These tools help create clean, organized datasets ready for efficient analysis and plotting.
------------------------------------------------------------------------
**🔹 Summary of Functions for Reshaping and Tidy Data**
| **Task** | **Function** | **Purpose** |
|:-----------------------|:-----------------------|:-----------------------|
| Reshape wide to long | `pivot_longer()` | Collapse multiple columns into key-value pairs |
| Reshape long to wide | `pivot_wider()` | Spread key-value pairs across multiple columns |
| Split a column into multiple parts | `separate()` | Separate one column into several columns by a delimiter |
| Combine multiple columns into one | `unite()` | Merge several columns into a single column |
------------------------------------------------------------------------
➡️ These reshaping techniques make it easy to transform datasets into a tidy structure for summaries, modeling, or visualization.
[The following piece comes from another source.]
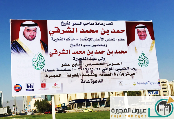 تحت رعاية صاحب السمو الشيخ حمد بن محمد الشرقي عضو المجلس الأعلى حاكم الفجيرة ..وبحضور سمو الشيخ محمد بن حمد بن محمد الشرقي ولي عهد الفجيرة سيقام العرس الجماعي السابع عشر يوم الخميس الموافق 2016/11/24م وذلك في تمام الساعة السادسة مساء بمركز وزارة الثقافة وتنمية المعرفة في الفجيرة .

> \*\* 🔎 Regular Expression Tip for `names_pattern`\*\*
> In `pivot_longer()`, we use a regular expression to split the column names into two components: - `part`, `pop`, `rate`, or `expct` → **measure** - `50_54`, `55_59`, etc. → **age group** The pattern `([0-9]{2}_[0-9]{2})` works as follows:
> | **Component** | **Meaning** |
> |:--------------|:----------------------|
> | `[0-9]` | Match any digit (0–9) |
> | `{2}` | Exactly two digits |
> | `_` | An underscore |
> | `[0-9]{2}` | Another two digits |
>
> ➡️ This captures typical age formats like `50_54`, `60_64`, etc.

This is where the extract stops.